Continuous Explanatory Variable
- Survived is modelled as a function of Age.
- There is no reference group as such.
- R “can deal with” missing data for a continuous variable i.e.throws no error du to missing data in the continuous variable.
model4 <- glm(Survived ~ Age, family=binomial(link='logit'), data=data)
summary(model4)
Call:
glm(formula = Survived ~ Age, family = binomial(link = "logit"),
data = data)
Deviance Residuals:
Min 1Q Median 3Q Max
-1.149 -1.036 -0.954 1.316 1.591
Coefficients:
Estimate Std. Error z value Pr(>|z|)
(Intercept) -0.05672 0.17358 -0.33 0.74
Age -0.01096 0.00533 -2.06 0.04 *
---
Signif. codes: 0 ‘***’ 0.001 ‘**’ 0.01 ‘*’ 0.05 ‘.’ 0.1 ‘ ’ 1
(Dispersion parameter for binomial family taken to be 1)
Null deviance: 964.52 on 713 degrees of freedom
Residual deviance: 960.23 on 712 degrees of freedom
(177 observations deleted due to missingness)
AIC: 964.2
Number of Fisher Scoring iterations: 4
- Intercept: The log-odds of Survival when \(Age = 0\) is -0.057.
- Age:
- For every unit increase in Age the log-odds of survival decrease by -0.011 i.e. the chances of survival decrease as passenger age increases.
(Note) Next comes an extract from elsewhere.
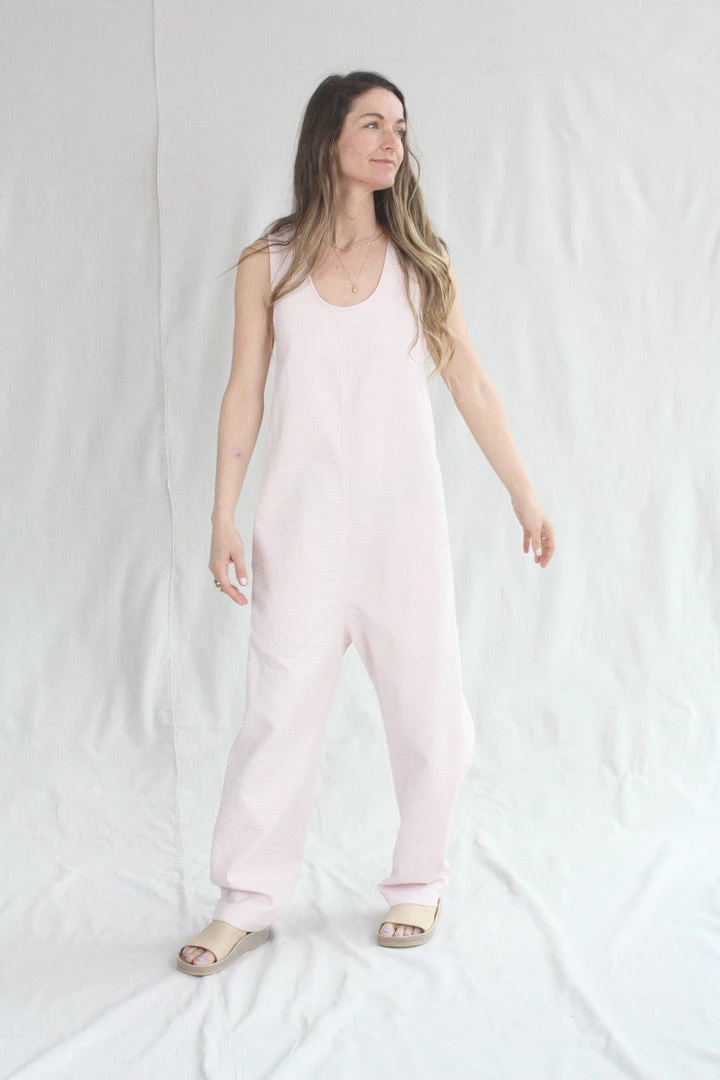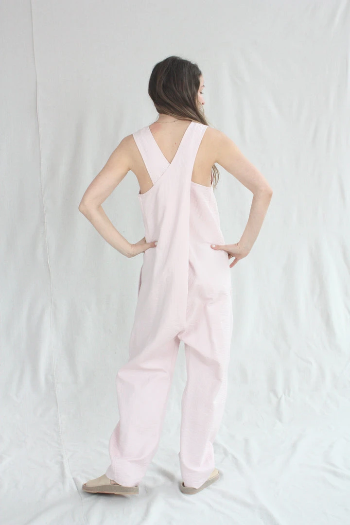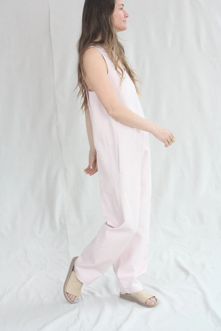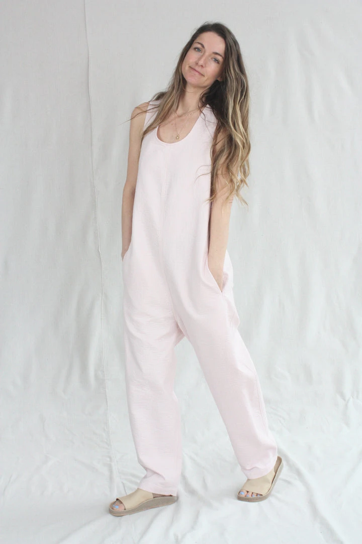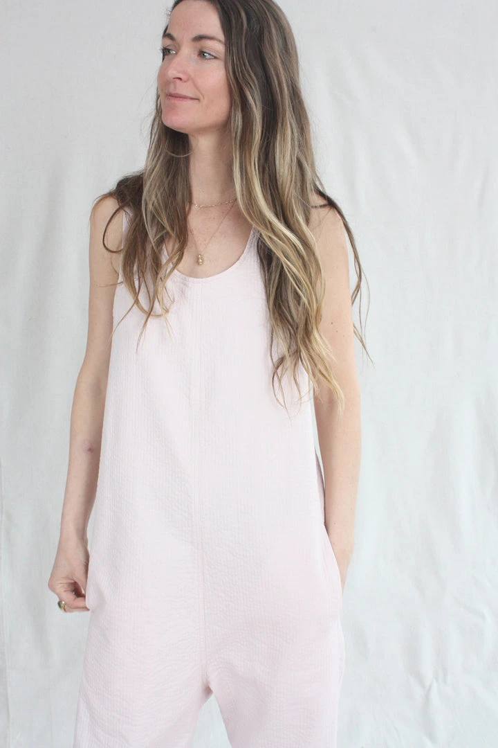 The Crista Jumpsuit is an easy and loose fit tank jumpsuit. Generous cut with criss cross back, this sleeveless jumpsuit is perfect for layering or wearing on its own. Features a crew neck with a slight dropped crotch and side pockets. Running stitch throughout the fabric creates a quilted effect.

- Given \(p < 0.5\), we can reject the null hypothesis \(b_1=0\) that one unit increase in age does not affect chances of survival.
- For every unit increase in Age, the odds of survival are 0.989 times the odds of those with one Age unit less (i.e. -1.09 %).
Now let’s try the same with imputed ages:
data.impute <- data %>% kNN() # Note: there will be imputed ages < 1 ...
model5 <- glm(Survived ~ Age, family=binomial(link='logit'), data=data.impute)
summary(model5)
Call:
glm(formula = Survived ~ Age, family = binomial(link = "logit"),
data = data.impute)
Deviance Residuals:
Min 1Q Median 3Q Max
-1.003 -0.988 -0.977 1.381 1.424
Coefficients:
Estimate Std. Error z value Pr(>|z|)
(Intercept) -0.42433 0.16229 -2.61 0.0089 **
Age -0.00172 0.00518 -0.33 0.7393
---
Signif. codes: 0 ‘***’ 0.001 ‘**’ 0.01 ‘*’ 0.05 ‘.’ 0.1 ‘ ’ 1
(Dispersion parameter for binomial family taken to be 1)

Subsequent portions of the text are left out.